For the entries below, print exactly the lines between the line holding "The saree features" and the line holding "부산대학교 국어국문학과 BK21", inclusive, and nothing else.

> **Data for processing**
+ + + +

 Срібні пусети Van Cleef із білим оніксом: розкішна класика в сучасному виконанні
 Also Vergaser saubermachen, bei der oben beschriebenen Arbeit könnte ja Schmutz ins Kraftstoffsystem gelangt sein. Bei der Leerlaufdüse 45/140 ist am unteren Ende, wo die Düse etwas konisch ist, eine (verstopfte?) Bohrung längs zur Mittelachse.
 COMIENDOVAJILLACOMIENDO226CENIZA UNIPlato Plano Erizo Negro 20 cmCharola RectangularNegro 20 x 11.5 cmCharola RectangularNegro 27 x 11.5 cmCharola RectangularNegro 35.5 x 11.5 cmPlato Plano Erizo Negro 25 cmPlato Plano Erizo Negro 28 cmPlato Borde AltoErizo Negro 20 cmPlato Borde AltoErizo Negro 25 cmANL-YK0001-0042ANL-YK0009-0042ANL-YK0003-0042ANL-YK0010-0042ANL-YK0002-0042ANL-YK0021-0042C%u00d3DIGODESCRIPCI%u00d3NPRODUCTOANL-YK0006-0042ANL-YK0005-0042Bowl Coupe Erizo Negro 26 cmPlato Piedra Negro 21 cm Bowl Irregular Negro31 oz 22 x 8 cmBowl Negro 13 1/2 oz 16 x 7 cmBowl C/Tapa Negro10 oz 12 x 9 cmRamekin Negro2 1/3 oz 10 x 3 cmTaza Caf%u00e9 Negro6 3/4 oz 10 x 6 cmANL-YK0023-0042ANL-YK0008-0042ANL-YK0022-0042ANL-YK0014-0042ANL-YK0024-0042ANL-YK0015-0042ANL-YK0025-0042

+ + + +

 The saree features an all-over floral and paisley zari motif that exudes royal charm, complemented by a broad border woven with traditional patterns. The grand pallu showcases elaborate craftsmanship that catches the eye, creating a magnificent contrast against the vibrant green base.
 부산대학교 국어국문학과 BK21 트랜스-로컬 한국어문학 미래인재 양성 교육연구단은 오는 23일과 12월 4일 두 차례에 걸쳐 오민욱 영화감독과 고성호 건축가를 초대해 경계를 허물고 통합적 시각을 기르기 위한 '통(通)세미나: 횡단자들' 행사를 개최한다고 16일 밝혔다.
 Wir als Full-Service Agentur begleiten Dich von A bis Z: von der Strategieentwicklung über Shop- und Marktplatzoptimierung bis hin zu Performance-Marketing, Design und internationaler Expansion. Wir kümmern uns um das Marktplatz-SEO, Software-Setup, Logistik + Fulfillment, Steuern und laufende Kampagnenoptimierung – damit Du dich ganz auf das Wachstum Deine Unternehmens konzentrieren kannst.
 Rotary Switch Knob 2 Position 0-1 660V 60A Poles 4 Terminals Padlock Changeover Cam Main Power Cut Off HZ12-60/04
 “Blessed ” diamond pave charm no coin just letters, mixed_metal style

+ + + +

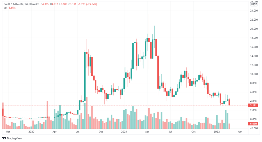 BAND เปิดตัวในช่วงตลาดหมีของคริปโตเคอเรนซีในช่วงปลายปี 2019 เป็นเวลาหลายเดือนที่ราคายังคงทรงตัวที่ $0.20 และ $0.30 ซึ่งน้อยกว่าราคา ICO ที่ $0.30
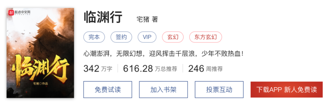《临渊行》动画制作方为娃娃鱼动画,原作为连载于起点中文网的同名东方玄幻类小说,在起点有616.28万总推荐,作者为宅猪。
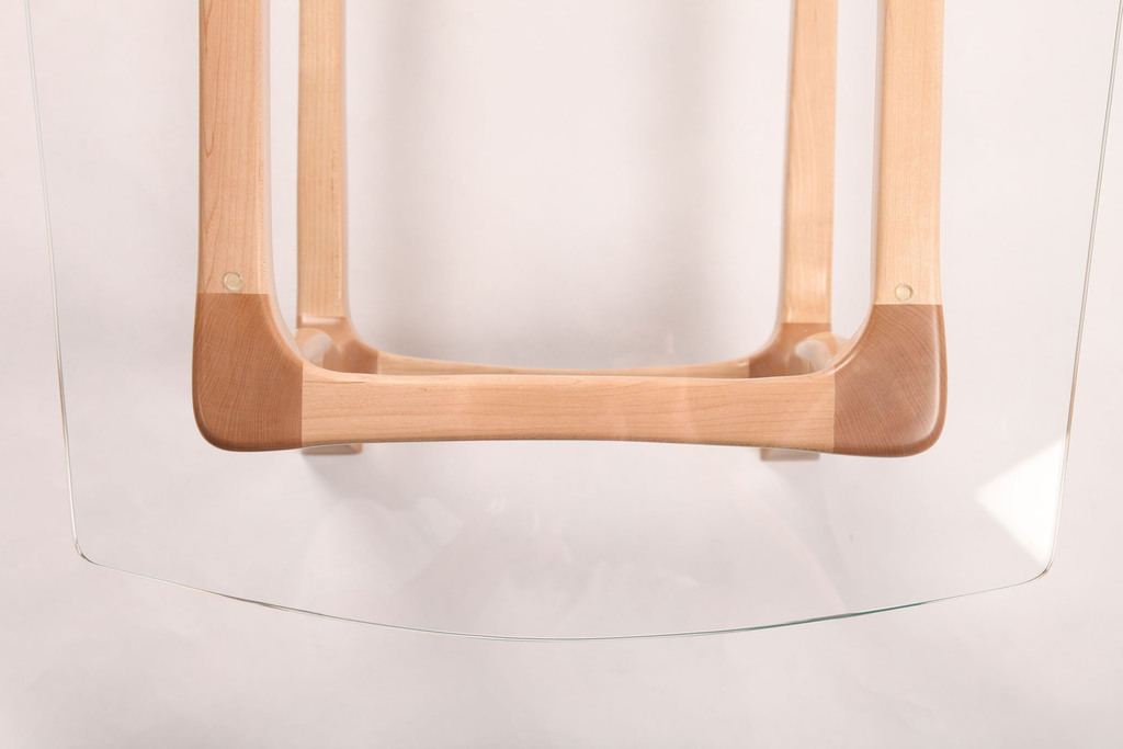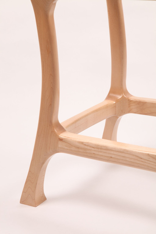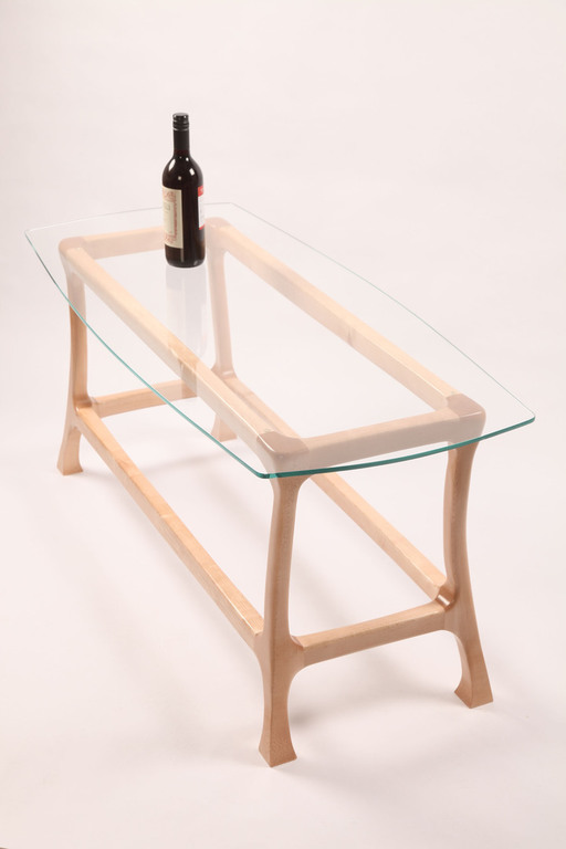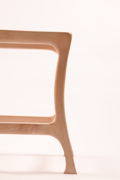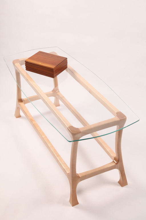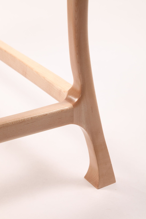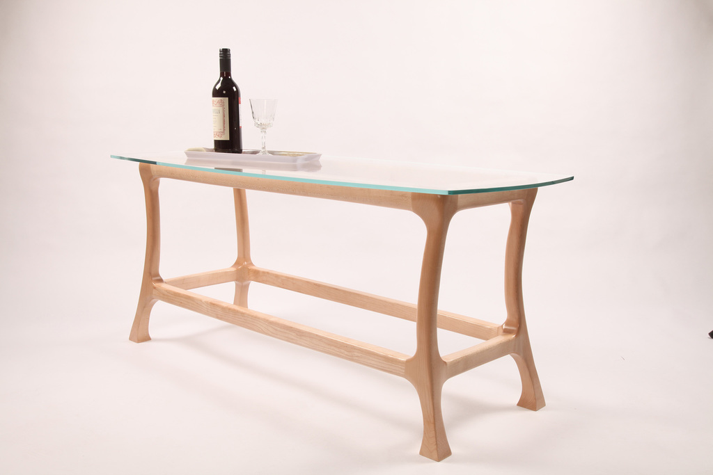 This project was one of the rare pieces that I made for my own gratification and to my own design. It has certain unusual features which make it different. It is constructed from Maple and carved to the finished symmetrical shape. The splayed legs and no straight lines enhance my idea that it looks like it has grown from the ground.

+ + + +

> **Expected answer**
 The saree features an all-over floral and paisley zari motif that exudes royal charm, complemented by a broad border woven with traditional patterns. The grand pallu showcases elaborate craftsmanship that catches the eye, creating a magnificent contrast against the vibrant green base.
 부산대학교 국어국문학과 BK21 트랜스-로컬 한국어문학 미래인재 양성 교육연구단은 오는 23일과 12월 4일 두 차례에 걸쳐 오민욱 영화감독과 고성호 건축가를 초대해 경계를 허물고 통합적 시각을 기르기 위한 '통(通)세미나: 횡단자들' 행사를 개최한다고 16일 밝혔다.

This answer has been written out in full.